Dictionnaire des littératures hispaniques. Espagne et Amérique latine, Jordi Bonells (dir.),
Paris, R. Laffont (col. Bouquins), 2009, p. 612-613.

GONZÁLEZ PRADA, Manuel. – Essayiste, pamphlétaire et poète péruvien, né à Lima le 5


janvier 1844, mort dans la même ville le 22 juillet 1918.
Refuge des sentiments intimes, matière des expérimentations esthétiques et arme de
combat, la poésie est chronologiquement le premier et le dernier mode d’expression de cet
intellectuel engagé. Ses adaptations de formes étrangères à la versification espagnole,
théorisées dans un traité de métrique, font de lui un précurseur du modernisme, qui insuffle
une vie nouvelle aux lettres péruviennes. Hormis Minúsculas (1901), Presbiterianas (1909) et
Exóticas (1911), le reste de sa production poétique est édité après sa mort : Trozos de vida
(1933); Baladas peruanas (1935); Grafitos (1937); Libertarias (1938); Baladas (1939);
Poemas desconocidos (1973); Letrillas (1975); Cantos del otro siglo (1979).

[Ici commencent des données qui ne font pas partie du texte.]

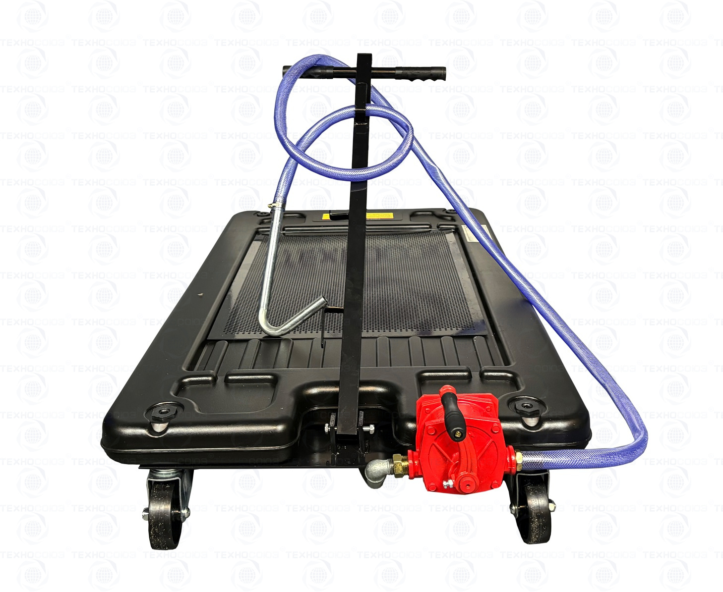 Подкатная установка для слива масла 81л, «отработки», антифризов из ДВС, КПП, мостов грузовиков, тракторов с клиренсом от 250мм. Регулировка угла наклона рукояти 0˚÷150˚. Слив из установки в бочку ручным шестерёнчатым насосом. Сетка улавливает мелкие детали и предотвращает разбрызгивание. Вес 19кг.
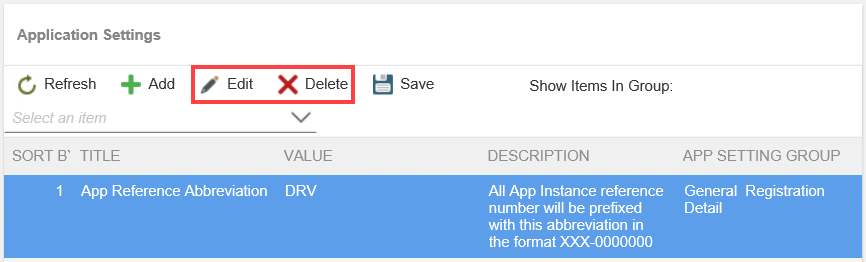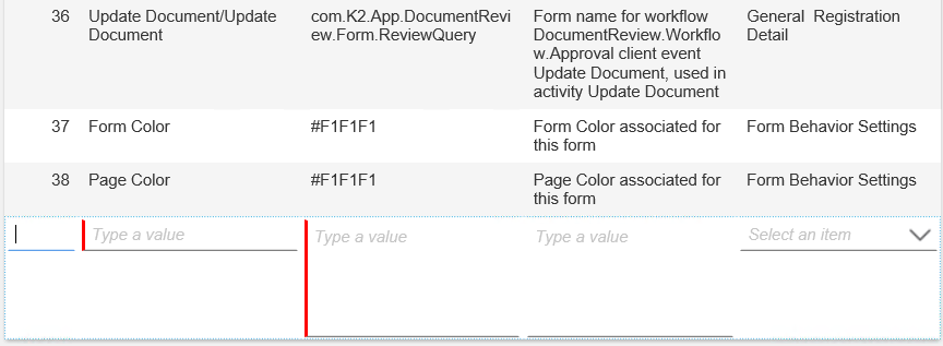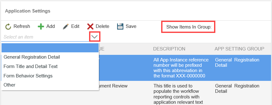 Application SettingsThis part of the app design makes it possible to alter some of the behavior and look of the app without having to open the pieces of the app in the designers. Items labeled Form Title or Form Detail allow you to change the text at the top part of each form. You can also set the form width or change the approval forms associated with a workflow without opening the Designer and changing it there. You can add, edit and delete app settings.
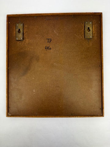 Le panneau est signé au dos du monogramme TF et numéroté 61/66, indiquant un tirage limité. On y lit également la mention manuscrite « Tanu n°50 ». Le décor, réalisé en émaux aux glaçures mates et brillantes, rappelle les œuvres des ateliers danois et suédois de la période moderniste, combinant artisanat et abstraction décorative.
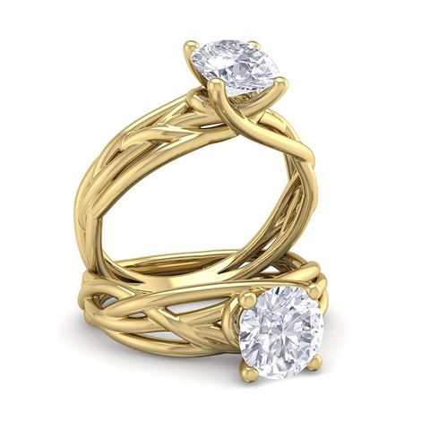 1 Carat Diamond Round Engagement Rings In 14K Yellow Gold, With Intricate Vine
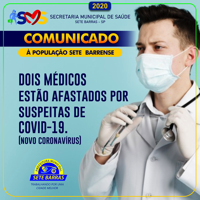 A Prefeitura de Sete Barras e a Secretaria Municipal de Saúde comunicam à população que dois médicos da linha de frente ao combate do NOVO CORONAVÍRUS foram afastados por suspeitas do COVID-19, seguindo todas as normas do Ministério da Saúde.
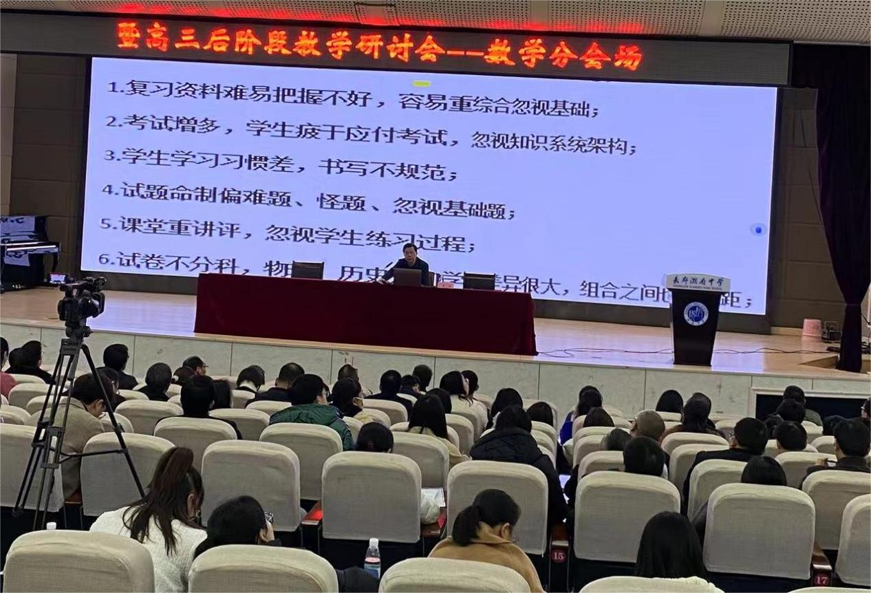 數(shù)學(xué)學(xué)科分會(huì)場(chǎng)位于城南的長(zhǎng)郡湘府中學(xué)逸夫樓,數(shù)學(xué)研討會(huì)由長(zhǎng)郡湘府中學(xué)教科室主任張作亮主持,來(lái)自湖南及江西共400余名高三數(shù)學(xué)教師參加了此次研討會(huì)。

C’est par devoir moral, à plus de quarante ans, qu’il investit l’arène politique. A partir
de 1885, le poète s’efface devant le sociologue positiviste pour disséquer un pays humilié par
la défaite de la guerre du Pacifique (1879-1883). En une vingtaine d’années, évoluant du
libéralisme vers l’anarchisme à la faveur d’un long séjour en France et en Espagne (1891-
1898), il crée une œuvre critique intransigeante, significative d’une révolte croissante, d’abord
contre sa propre classe, l’aristocratie, puis contre toutes les injustices et oppressions. Le
prolétaire, tout particulièrement l’Indien, est au cœur d’une espérance régénératrice, qui
dépasse peu à peu le patriotisme initial pour acquérir une dimension universaliste.

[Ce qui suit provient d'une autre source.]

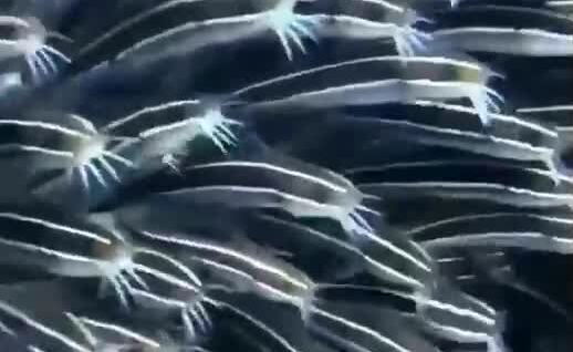 Это стая маленьких сомов, которые самоорганизуются в такие большие стаи для того, чтобы вместе находить пищу, а также отпугивать своих врагов массовым скоплением.
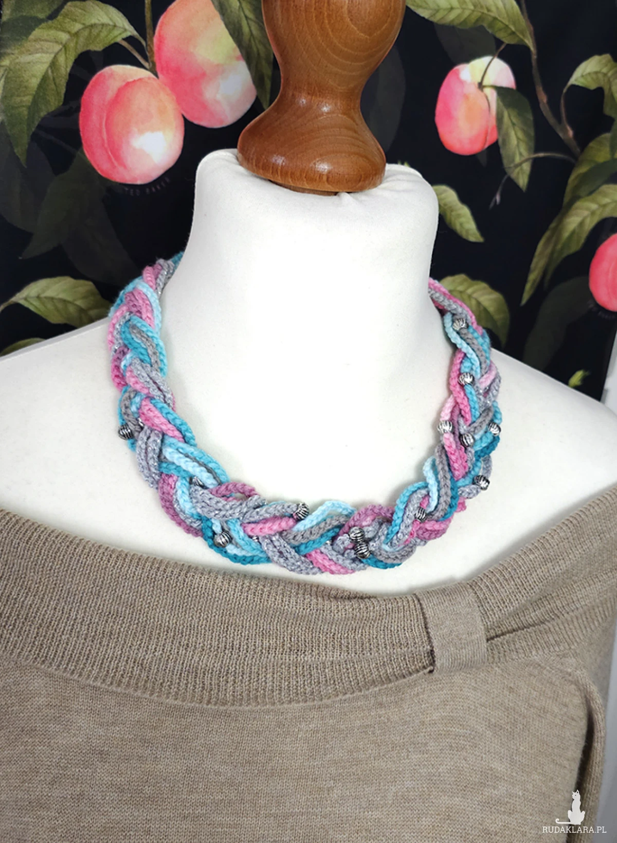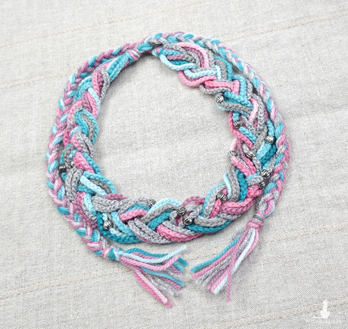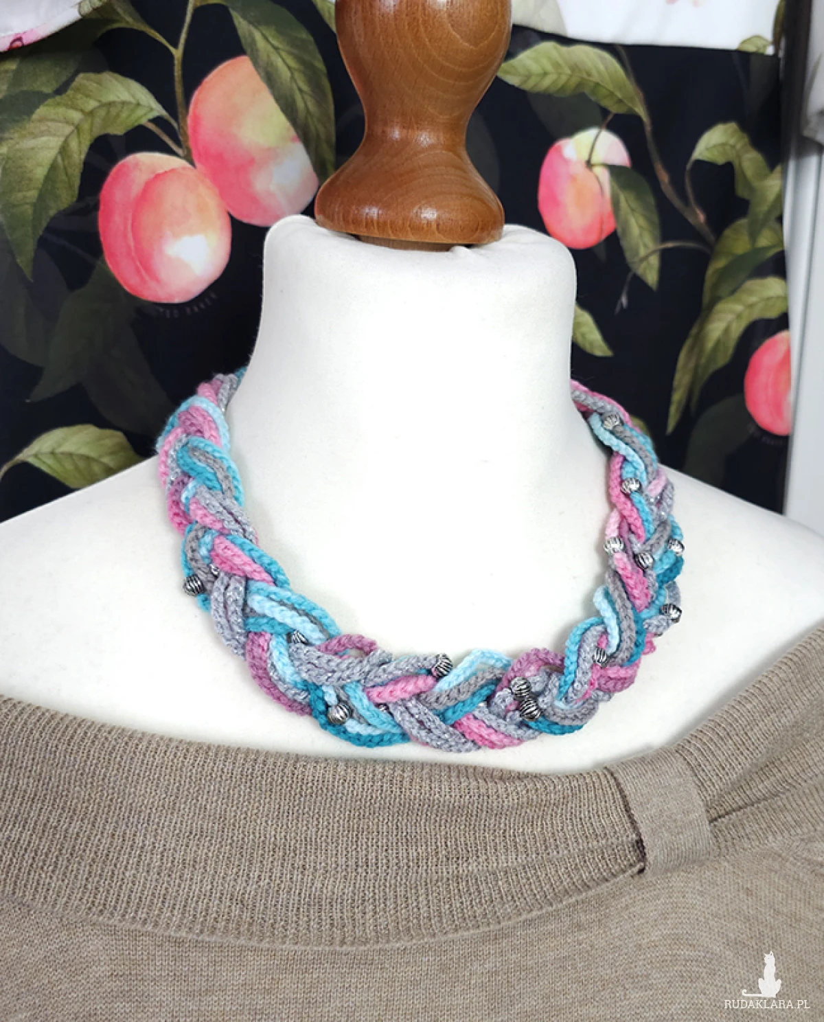 Naszyjnik wykonany z 12 szt. ręcznie plecionych sznurków, splecionych w luźny warkocz.

Faisant de la connaissance l’instrument privilégié de l’émancipation et de l’élévation
morale, González Prada exhorte l’élite intellectuelle à transformer une société engluée dans la
mentalité coloniale. Il fonde en 1891 un parti fédéraliste et socialisant, l’Union nationale, qui
propose une alliance entre la classe moyenne et les couches populaires, mais refuse d’en être
le caudillo et embarque pour l’Europe, où il publie un livre réunissant les essais parfois
considérablement remaniés de cette période, Pájinas libres (1894).

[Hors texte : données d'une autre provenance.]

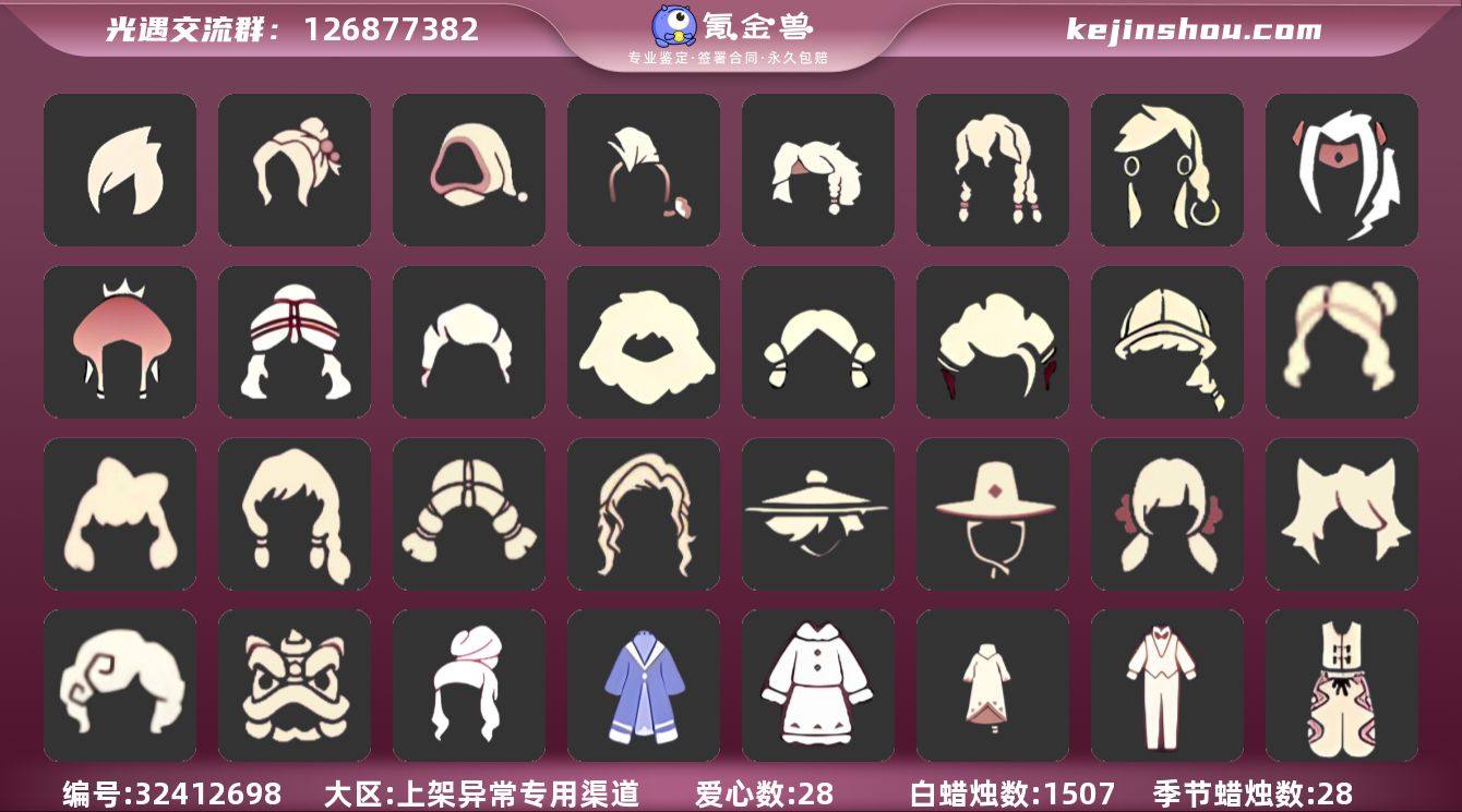 诚心卖 出号之前都会养着 武士裤,躲猫猫裤子,白棉裤,灯笼裤,破晓季遥鲲裙,姆明裤子,五周年短裤,彩虹束脚裤,等等,黑脸面具,眼罩,太阳镜,等等,疯帽,猫猫头,樱花,爱神,冥主,表演季猫猫头,箬笠,虚荣,明制帽,总裁头,书虫,脏辫,公主,蝴蝶结,鼠标头饰,爱心帽子,单边羽毛,栗子帽,蝴蝶,珊瑚头饰等等,彩虹斗篷,狼人杀斗篷,道袍,红金,黑金,蝴蝶斗,红绒斗篷等等,笛子,红金吉他,琵琶,卡林巴,电吉他,宴会长桌,万圣节凳子,甜甜圈桌子,有三个可以挂机的烧火的东西,爱心抱枕,向日葵摆件等等,矮个子,蜡烛1500+

A son retour, il tente en vain de radicaliser ce parti et le quitte définitivement en 1902.
L’anticléricalisme constitue alors la clef de voûte d’une entreprise systématique d’éreintement
des corporations, des institutions et de la politique même, couronnée par Horas de lucha
(1908). Ce second recueil se distingue du précédent par le caractère satirique de la majorité
des textes, dont plus aucun n’est consacré à la littérature. Cependant, il ne reflète
qu’imparfaitement la pensée de l’auteur qui, de 1904 à 1909, dans l’anonymat, s’adresse à la
classe ouvrière dans le mensuel anarchiste Los Parias (Lima). Ses articles ont été rassemblés
dans trois ouvrages posthumes, Anarquía (1936), Propaganda y ataque (1939) et Prosa
menuda (1941).
Devant le détournement du système représentatif et la résistance du capitalisme
soutenu par l’Etat, González Prada juge légitime la violence révolutionnaire et fait l’apologie
du tyrannicide. Son anarchisme, très proche du communisme libertaire malgré des traits
individualistes, apparaît comme le dépassement du christianisme et du libéralisme. Malgré ses
idées radicales, il est sollicité en 1912 pour diriger la Bibliothèque nationale du Pérou et il
accepte ce poste. Il est vrai qu’à partir de 1909, il abandonne la polémique pour se consacrer à
son œuvre poétique. Toutefois, il s’insurge encore avec force contre le coup d’Etat militaire de
1914 (Bajo el oprobio, 1933).
Trois autres livres doivent être mentionnés : Nuevas páginas libres (1937) et El tonel
de Diógenes. Seguido de Fragmentaria y Memoranda (1945) rassemblent des articles, essais
et fragments non inclus dans d’autres ouvrages, tandis que Figuras y figurones (1938), réunit
les portraits de quatre dirigeants politiques péruviens.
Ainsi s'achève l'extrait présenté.